[Items from a data source]
· · · · ·

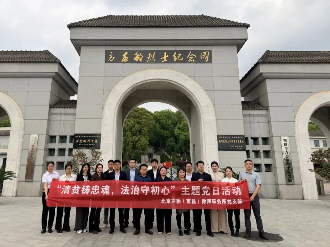 为传承红色基因、赓续精神血脉,以党建引领筑牢法治初心,4月9日,北京声驰(南昌)律师事务所党支部联合文化建设委员会,在党支部书记周萍,文化建设委员会副主任黄姗、朱婧雅的带领下,组织十余位律师前往方志敏烈士陵园,开展“清贫铸忠魂,法治守初心”清明缅怀英烈主题党日活动,以实际行动缅怀革命先烈、汲取奋进力量。
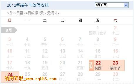 6月22日(星期五)至24日(星期日)放假公休,共3天。其中,6月23日(星期六)為端午節(jié)。
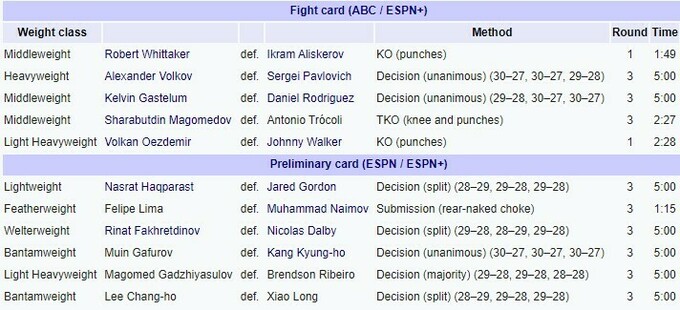 В главном бою встретились: Роберт Уиттакер (Австралия, 25–7) – Икрам Алискеров (страна-террорист, 15–1)
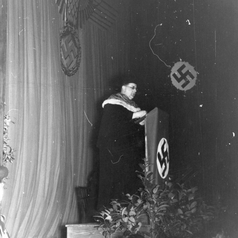 Rektor Eduard Pernkopf am Rednerpult bei einer akademischen Feier während der NS-Zeit Bildgattung Fotografie
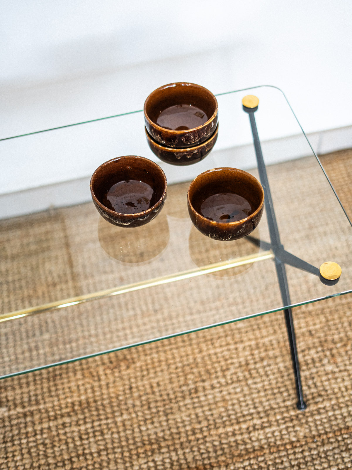 Discover the OSTUNI coffee table, a true gem from the 1950s. Its elegant glass top with rounded corners is supported by a black metal base, embodying delicacy and modernity. Gold touches, such as the brass screw cover and crossbar, add a touch of refinement to this set. Although some slight marks are present on the top, they in no way alter the timeless charm of this unique piece. This coffee table is ideal for enhancing your living room with style and character.
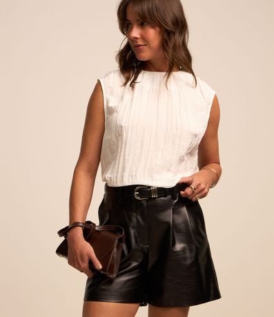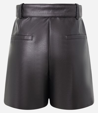 Short Curto em PU com Prega Frontal e Cinto com Fivela Forrada
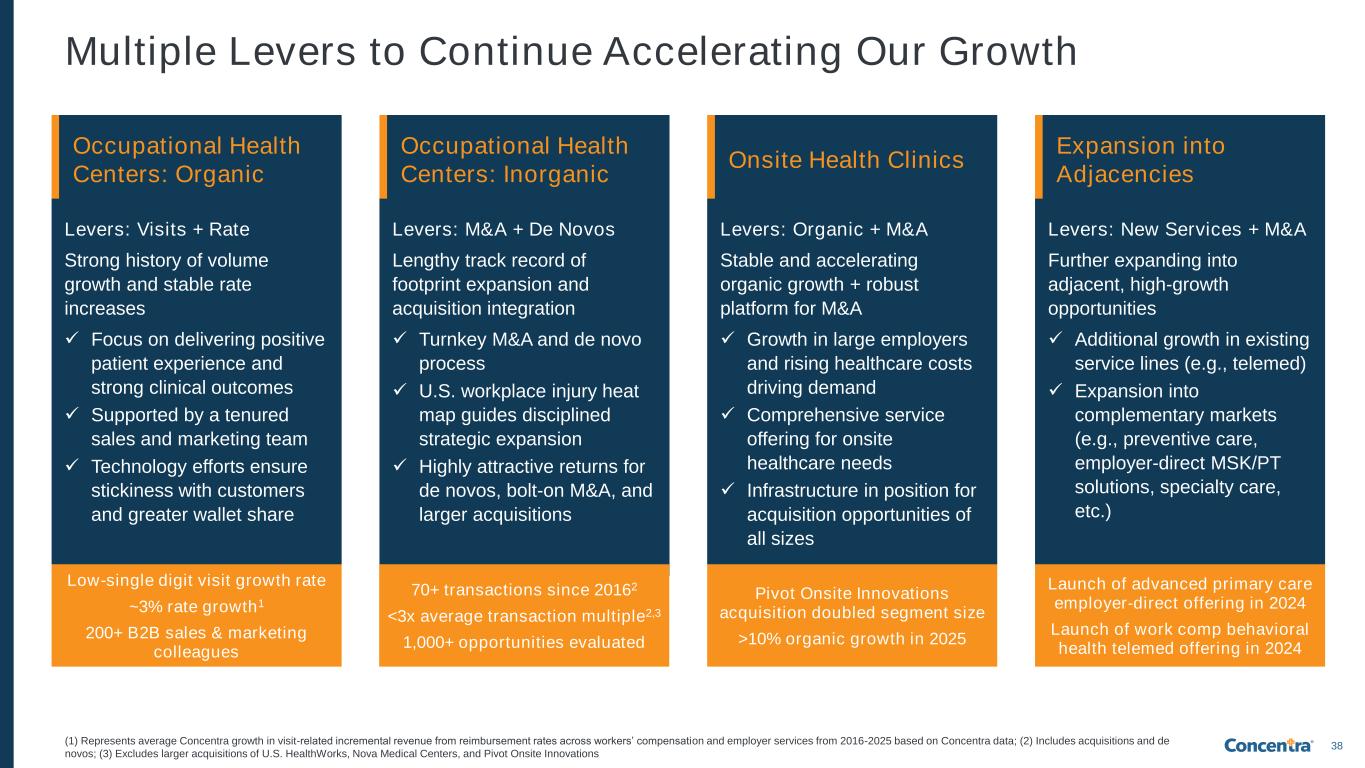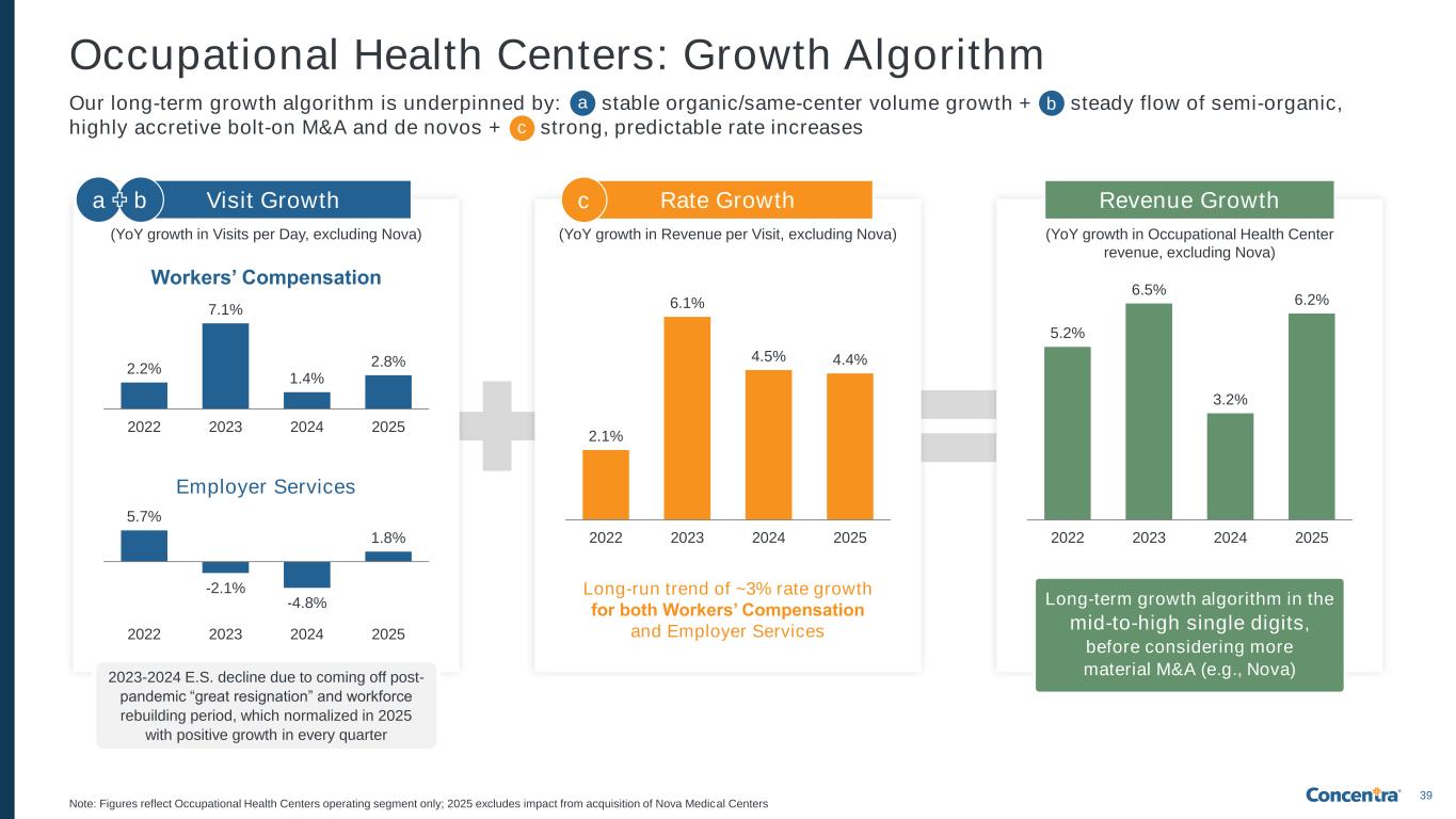 38 Multiple Levers to Continue Accelerating Our Growth (1) Represents average Concentra growth in visit-related incremental revenue from reimbursement rates across workers’ compensation and employer services from 2016-2025 based on Concentra data; (2) Includes acquisitions and de novos; (3) Excludes larger acquisitions of U.S. HealthWorks, Nova Medical Centers, and Pivot Onsite Innovations Levers: M&A + De Novos Lengthy track record of footprint expansion and acquisition integration ✓ Turnkey M&A and de novo process ✓ U.S. workplace injury heat map guides disciplined strategic expansion ✓ Highly attractive returns for de novos, bolt-on M&A, and larger acquisitions Occupational Health Centers: Inorganic Levers: Visits + Rate Strong history of volume growth and stable rate increases ✓ Focus on delivering positive patient experience and strong clinical outcomes ✓ Supported by a tenured sales and marketing team ✓ Technology efforts ensure stickiness with customers and greater wallet share Occupational Health Centers: Organic Levers: Organic + M&A Stable and accelerating organic growth + robust platform for M&A ✓ Growth in large employers and rising healthcare costs driving demand ✓ Comprehensive service offering for onsite healthcare needs ✓ Infrastructure in position for acquisition opportunities of all sizes Onsite Health Clinics Levers: New Services + M&A Further expanding into adjacent, high-growth opportunities ✓ Additional growth in existing service lines (e.g., telemed) ✓ Expansion into complementary markets (e.g., preventive care, employer-direct MSK/PT solutions, specialty care, etc.) Expansion into Adjacencies 70+ transactions since 20162 <3x average transaction multiple2,3 1,000+ opportunities evaluated Low-single digit visit growth rate ~3% rate growth1 200+ B2B sales & marketing colleagues Pivot Onsite Innovations acquisition doubled segment size >10% organic growth in 2025 Launch of advanced primary care employer-direct offering in 2024 Launch of work comp behavioral health telemed offering in 2024
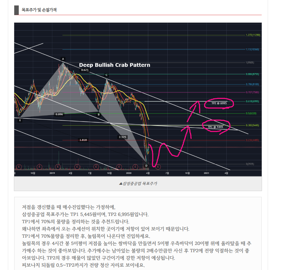삼성중공업은 지난 분석의 Deep Bullish Crab Pattern의 1.618 PRZ를 테스트한 후 상승반전하여 TP2에 도달한 상태입니다.
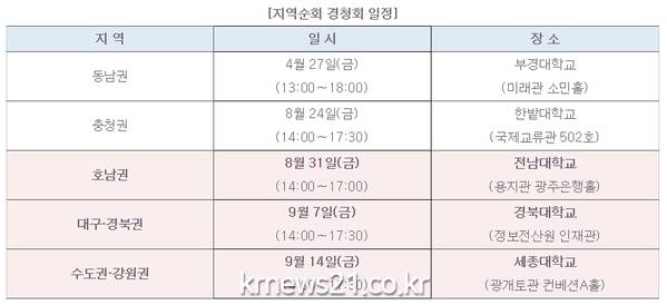 올 해 총 5회에 걸쳐 지역 순회로 개최되는 경청회는 동남권(4.27, 부경대), 충청권(8.24, 한밭대) 행사에 이어 세 번째로 호남권(8.31, 전남대)에서 개최되며, 다음 달 대구·경북권(9.7, 경북대)과 수도권·강원권(9.14, 세종대)에서도 개최된다.
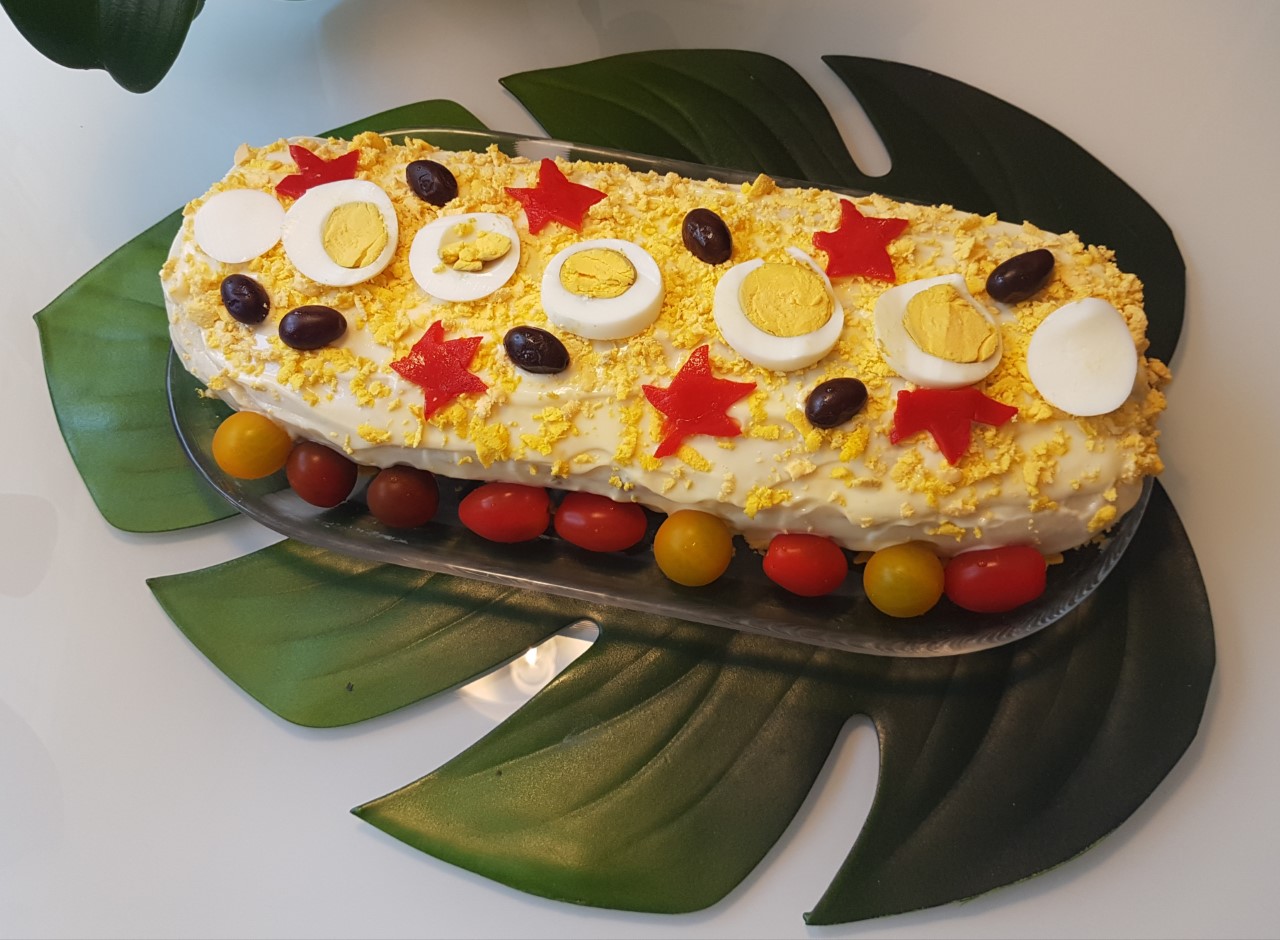 7. Untamos la superficie con mayonesa y decoramos con los ingredientes guardados anteriormente. LISTO!!!

· · · · ·

### Task brief
Produce the lines from the first line of the entries through the line that contains "Short Curto em", exactly, leaving the pictures behind.

### Solved problem
 为传承红色基因、赓续精神血脉,以党建引领筑牢法治初心,4月9日,北京声驰(南昌)律师事务所党支部联合文化建设委员会,在党支部书记周萍,文化建设委员会副主任黄姗、朱婧雅的带领下,组织十余位律师前往方志敏烈士陵园,开展“清贫铸忠魂,法治守初心”清明缅怀英烈主题党日活动,以实际行动缅怀革命先烈、汲取奋进力量。
 6月22日(星期五)至24日(星期日)放假公休,共3天。其中,6月23日(星期六)為端午節(jié)。
 В главном бою встретились: Роберт Уиттакер (Австралия, 25–7) – Икрам Алискеров (страна-террорист, 15–1)
 Rektor Eduard Pernkopf am Rednerpult bei einer akademischen Feier während der NS-Zeit Bildgattung Fotografie
 Discover the OSTUNI coffee table, a true gem from the 1950s. Its elegant glass top with rounded corners is supported by a black metal base, embodying delicacy and modernity. Gold touches, such as the brass screw cover and crossbar, add a touch of refinement to this set. Although some slight marks are present on the top, they in no way alter the timeless charm of this unique piece. This coffee table is ideal for enhancing your living room with style and character.
 Short Curto em PU com Prega Frontal e Cinto com Fivela Forrada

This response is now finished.